Look, it ain't no secret: I got no love for New York City. One thing that really gets my goat is that anywhere you are in America, some transplanted New Yorker (or worse, someone who spent a weekend in New York and now regards themselves more cosmopolitan than need be) will go all up in arms anytime you try and perform one of the most basic American tasks, which is ordering a pizza.

One of my favorites: "Oh, your from Texas so you don't know what good pizza is."

Want to watch a throwdown? Get some asshole talking New York pizza, then throw someone from Chicago into the mix. You know, "The Windy City" did not get its moniker because of the Lake Michigan breeze, but rather because it's a metropolis chock full of braggarts.

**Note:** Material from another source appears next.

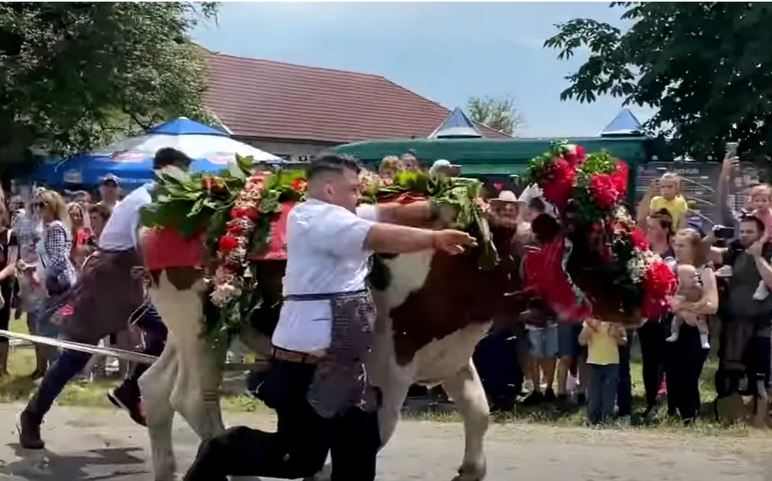 Bărbat pus la pământ de un bou nărăvaș la o sărbătoare tradițională în Cluj

Look man, I just like pizza. I like to put it into my mouth and chew it up and swallow it. Why everytime folks try to eat something it has to be turned into some foodie food blog is beyond me. It makes me wonder if there's something in the water up in New York City that turns everyone into a douchebag so they can ruin grinders or knishes or Reuben sandwiches for the rest of the country. But it's pizza goddammit so please, eat it and quit instagramming it.

But I got news for you. There's another kid on the block and he ain't so much about making noise. He's about being cooked and eaten and he knows New Yorkers and Chicagoans and food bloggers and just plain old douchenozzles will freak out at the mere mention of another type of pizza.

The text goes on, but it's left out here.